### Information supplied
===
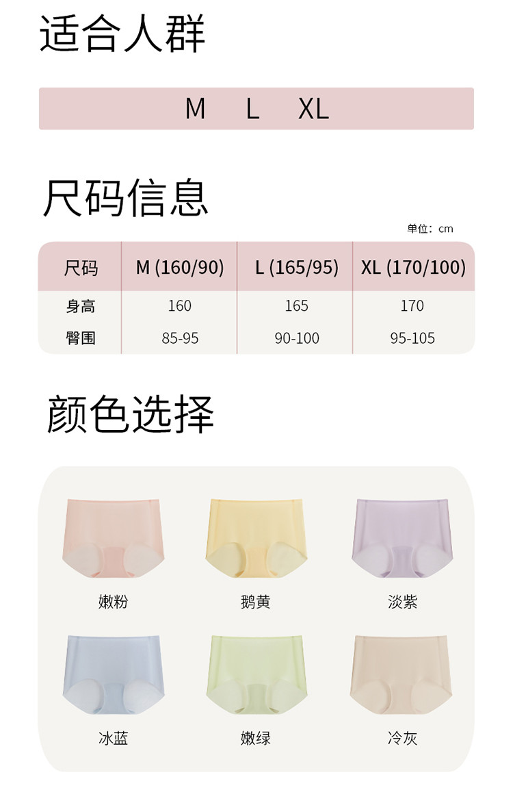 商品名称:【3条装】凉感抑菌中高腰三角内裤套装内衣女 399749
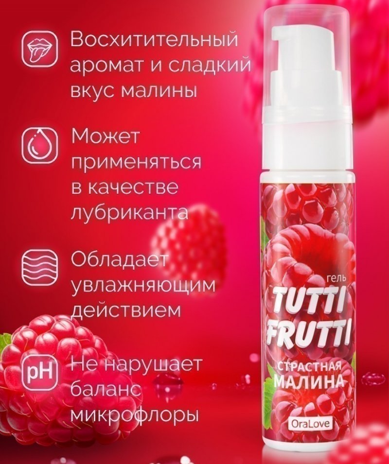 Оральный гель Tutti-Frutti со вкусом и ароматом малины придаст Вашим любовным ласкам особое удовольствие!
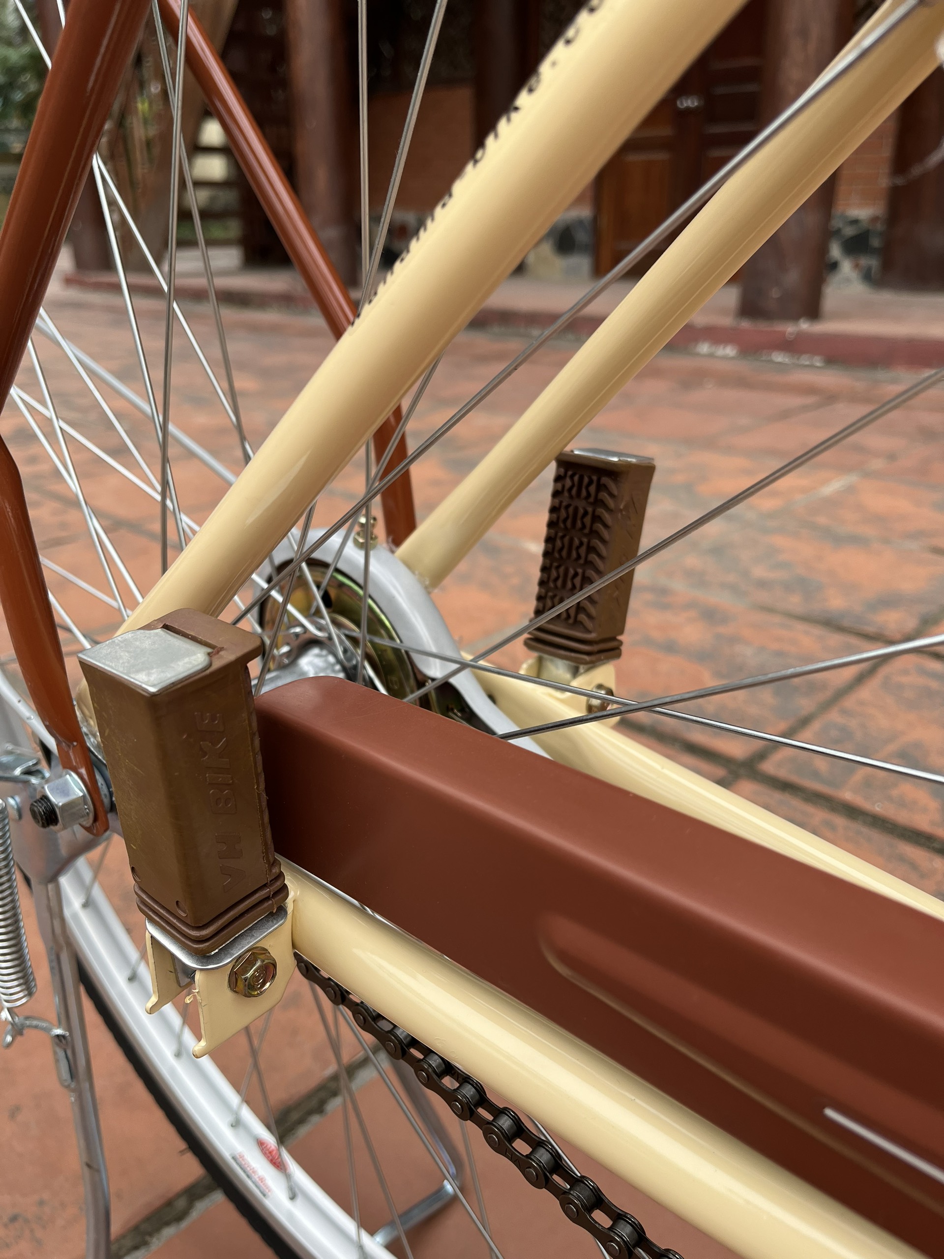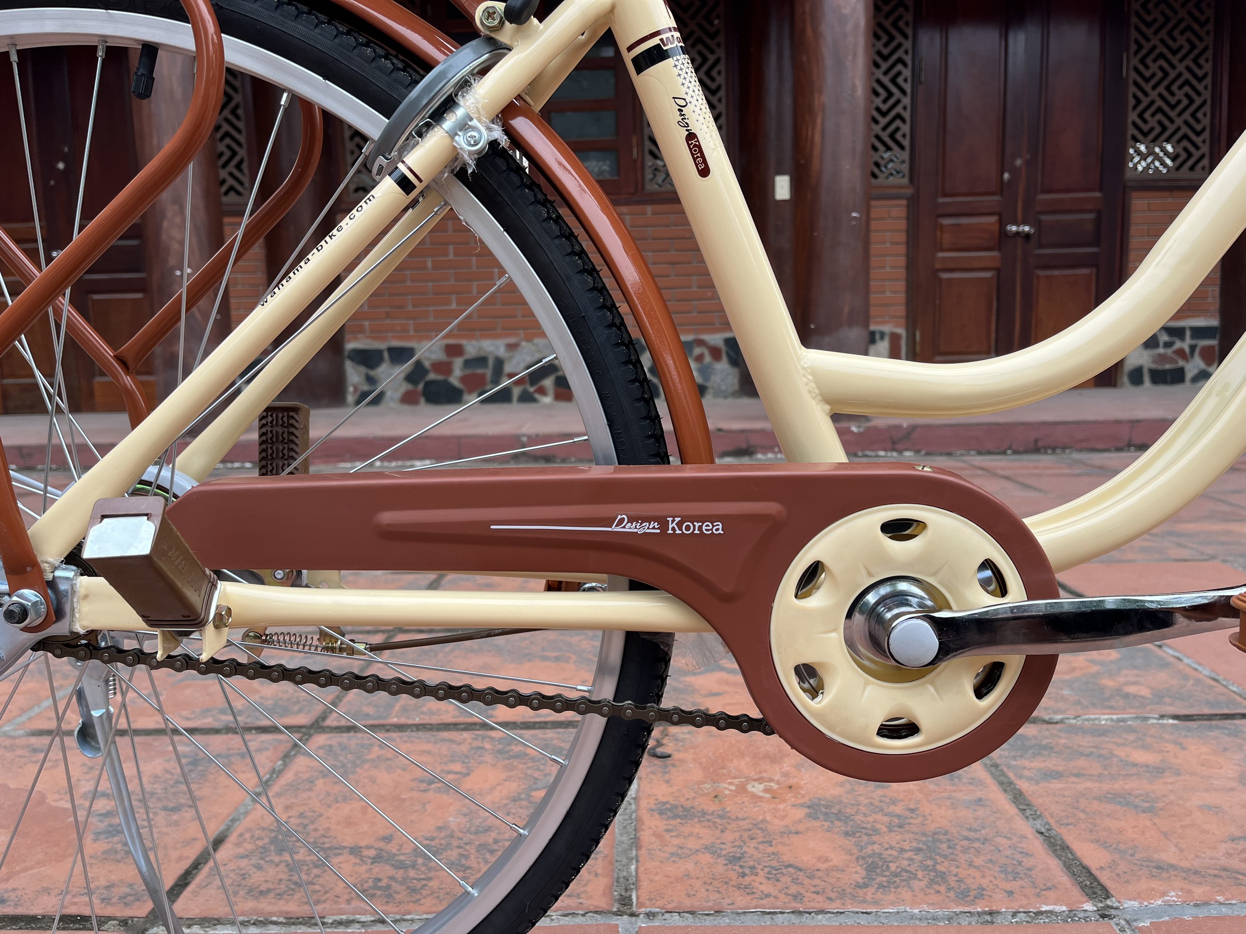 Bàn đạp bằng nhựa với trục bằng théo cứng cáp, đùi đĩa bằng sắt kiên cố, phần đùi được bọc lớp nhựa bảo vệ chống trầy xước và tăng thẩm mỹ cho xe. Xe đạp Wahama KOREA HQ 26 inch có hộp xích bảo vệ tránh bụi bẩn, dễ dàng tháo lắp.
===
Could you reproduce exactly the lines running from the one with "Оральный гель Tutti-Frutti" through the final line of the listing above, both included, and drop the pictures?

### Response area
 Оральный гель Tutti-Frutti со вкусом и ароматом малины придаст Вашим любовным ласкам особое удовольствие!
 Bàn đạp bằng nhựa với trục bằng théo cứng cáp, đùi đĩa bằng sắt kiên cố, phần đùi được bọc lớp nhựa bảo vệ chống trầy xước và tăng thẩm mỹ cho xe. Xe đạp Wahama KOREA HQ 26 inch có hộp xích bảo vệ tránh bụi bẩn, dễ dàng tháo lắp.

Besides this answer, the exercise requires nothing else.